Researchers work on one of the quantum network nodes, where mirrors and filters guide the laser beams to the diamond chip.
Marieke de Lorijn for QuTech
Marieke de Lorijn for QuTech
Physik

Die Vorboten der Quantenrevolution

Ein derzeit in Wien stattfindender Kongress gibt Einblicke in die Technologien der Zukunft: Die Quantenphysik sickert nun auch in Impfstoffforschung und Künstliche Intelligenz ein – und eröffnet dort ungeahnte neue Möglichkeiten.

Sechs Jahre ist es mittlerweile her, dass das Europäische Flaggschiffprojekt zur Quantenforschung offiziell vorgestellt wurde.
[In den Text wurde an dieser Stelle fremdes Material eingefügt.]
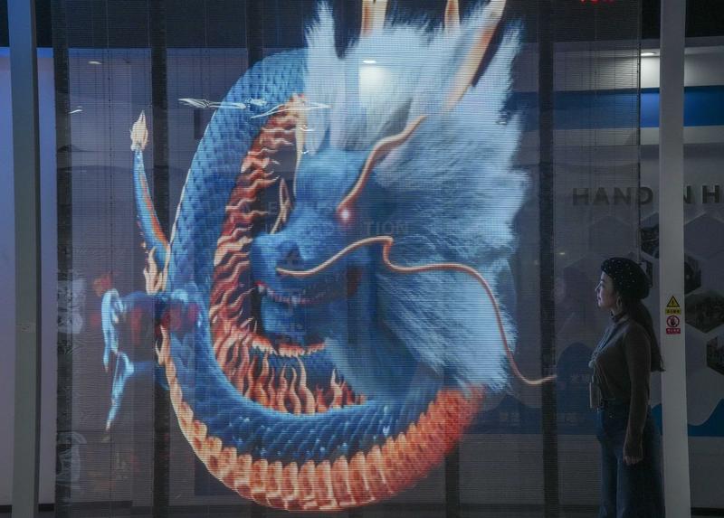 ▲12月2日,在重庆新视通智能科技有限公司展厅内,工作人员在介绍LED成品。新华社发(李晓果 摄)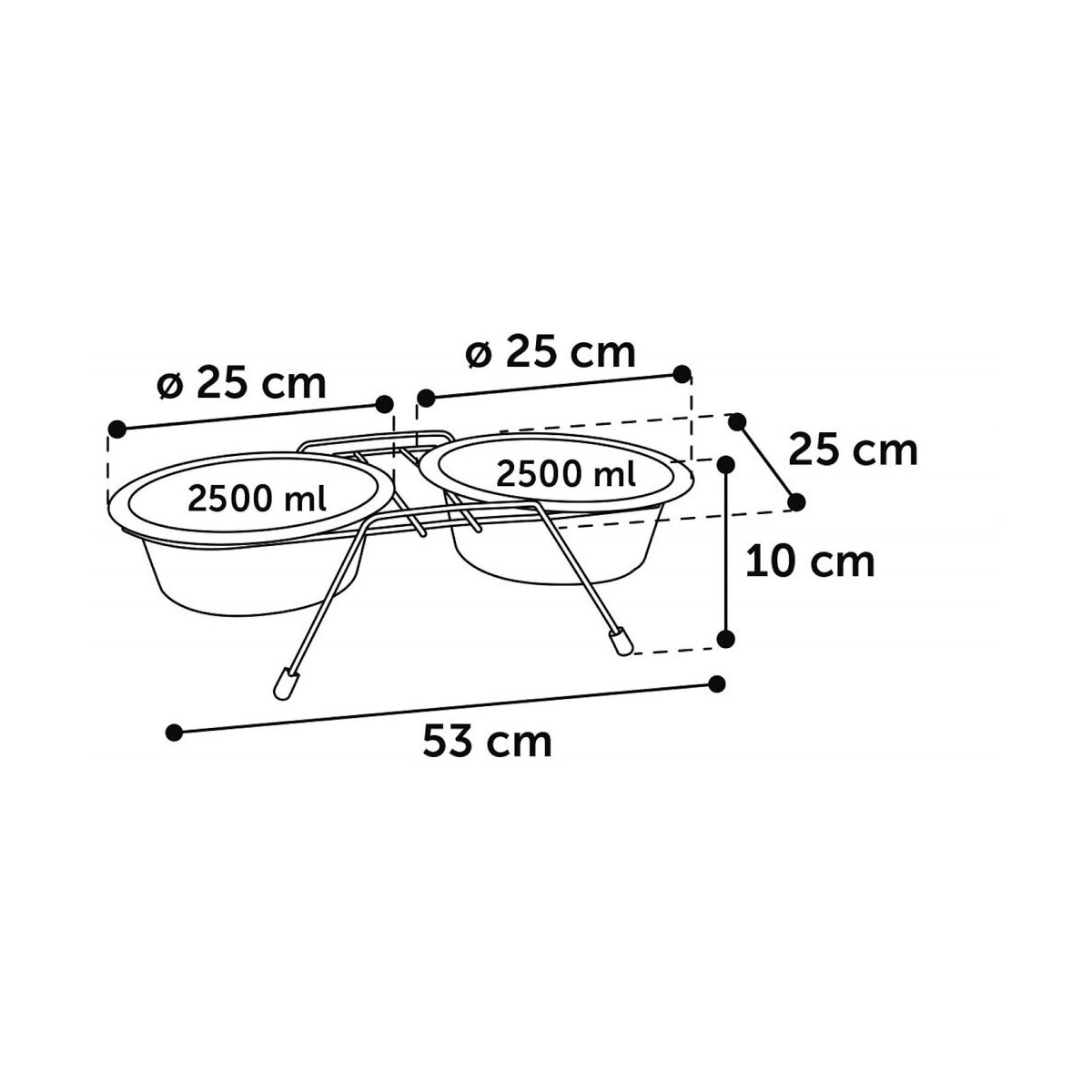 Ecuelle duo ø 25 cm. 12500 ml. avec support Arjun. pour chien. taille L. Gamelle pour la nourriture et l'eau Support Arjun Duo Dinner Rouge Noir. - Acier inoxydable. Dimensions: longueur 53 cm x largeur 25 cm x hauteur 10 cm. Diamètre extérieur des bols: ∅ 25 cm. Contenu: 2 x 2500 ml. lavable en machine. pied du support Arjun anti dérapant. Ecuelle duo ø 25 cm. 12500 ml. avec support Arjun. pour chien. taille L. Gamelle pour la nourriture et l'eau Support Arjun Duo Dinner Rouge Noir. - Acier inoxydable. Dimensions: longueur 53 cm x largeur 25 cm x hauteur 10 cm. Diamètre extérieur des bols: ∅ 25 cm. Contenu: 2 x 2500 ml. lavable en machine. pied du support Arjun anti dérapant. vidéo 360° Photo non contractuelle, car il y a plusieurs vendeurs sur une même fiche produit.Spécifications techniques

Im damals publizierten Begleittext vulgo „Quanten-Manifest“ war von einer Revolution die Rede, die Physik, Technik und letztlich unsere ganze Gesellschaft transformieren würde. Was das konkret bedeuten könnte, war damals noch nicht so absehbar, abgesehen von den prinzipiellen Hinweisen auf die Macht der Quanten für neuartige Computerarchitekturen, Kryptografie und superempfindliche Sensoren.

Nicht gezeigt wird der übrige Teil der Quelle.